Hi @Darragh, are you able to use the session token to create a task definition manually? Trying to drill down into whether the issue is on the token/AWS IAM side or the Prefect side.

Darragh

07/14/2020, 1:47 PM

Hey @Zachary Hughes Couple of interesting points on that: • Creating a manual task definition doesn’t seem to require a session token at all • When I create a TaskDefinition using the 2 images I’m trying to build into my Prefect Flow and run it manually they both run • The TaskDefinition created by Prefect apparently can’t use the Fargate launch type? Screenshot below.

Darragh

07/14/2020, 1:47 PM

Darragh

07/14/2020, 1:54 PM

FargateTakEnvironment code

Zachary Hughes

07/14/2020, 2:22 PM

When you say that creating a task definition doesn't seem to require a session token, is there any chance your local environment is falling back on stored AWS credentials or local config?

Darragh

07/14/2020, 2:42 PM

Creating a TaskDefintion, manually in AWS console, doesn’t require a session token, so it shouldn’t be anything to do with the local env… The Prefect docs seem to suggest the session token is needed but I’m not seeing why?

Zachary Hughes

07/14/2020, 3:09 PM

Ah, okay. I presumed that since AWS probably handles most of the IAM when interacting through the console, you were working using boto3. From my understanding, you might not need the session token. The environment accepts all forms of auth that boto3 does, and session tokens are generally used for temporary access.

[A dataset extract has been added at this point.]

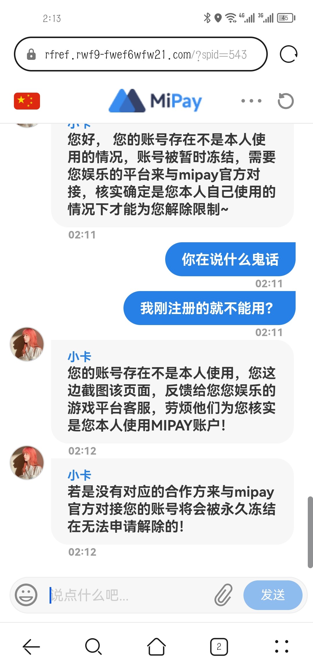 提现叫用mipay,mipay实名后秒封号,叫联系平台,然后又是一顿骚操作。狗庄图啥?骗资料?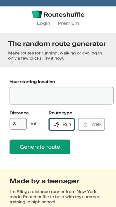 86%generate random routes for running, walking or biking instantly. enter your starting location and the number of miles or kilometers you want your route to be.

I'd recommend giving this a shot without the aws_session_token and seeing how it behaves.

Darragh

07/14/2020, 4:32 PM

Yeah I tried that previously @Zachary Hughes, this is what I got:

Failed to load and execute Flow's environment: ParamValidationError('Parameter validation failed:\nMissing required parameter in input: "taskDefinition"')

Zachary Hughes

07/14/2020, 5:04 PM

Okay, gotcha. Just wrapped up reading through the previous thread about this, so hopefully I've got a bit more context to help with now. How are you creating this token? The fact that it's saying the token is invalid rather than malformed makes me think it might be expired. Alternatively, I'd expect to be able to provide something other than an

aws_session_token

. We can definitely open an issue for that change if you'd like.

Darragh

07/14/2020, 5:08 PM

It sholdn’t have been expired, as I created manually just before testing, but always possible. Could you confirm whether or not the

aws_session_token

is definitely needed? From the output I got above [running without the token] my config is definitely missing something, it’s just not telling me what it is 🙂

Zachary Hughes

07/14/2020, 5:10 PM

Checking the documentation and the code itself, I don't think it should be required. So if just removing that value throws the error you posted, I think it's definitely unintentional.

Darragh

07/14/2020, 5:21 PM

Ok thanks - so with that last error above,

Missing required parameter

- it doesn’t seem to be specific to the token - is there any way of getting more info on what that error is?

Zachary Hughes

07/14/2020, 5:21 PM

I'm not sure if this is the culprit or tangential, but it looks like you're not passing a

taskDefinition

. I think you'll also need to pass a

taskDefinition

that matches the

family

, as mentioned in this link: https://docs.prefect.io/api/latest/environments/execution.html#fargatetaskenvironment

Zachary Hughes

07/14/2020, 5:24 PM

Looks like

Missing required parameter

is coming from boto3 itself, but taking a look to see if we can find any additional information.

Zachary Hughes

07/14/2020, 5:28 PM

Is this error being raised by the agent? If so, we pull the

family

argument from the

task_definition_name

, so that could definitely be the missing parameter for

taskDefinition

Darragh

07/14/2020, 5:41 PM

It’s being raised in the UI as the Flow status, so my guess is the agent. Testing the taskDefinition change now, good catch 👍

👍 1

Darragh

07/14/2020, 6:32 PM

Well this is a new and very unwelcome development…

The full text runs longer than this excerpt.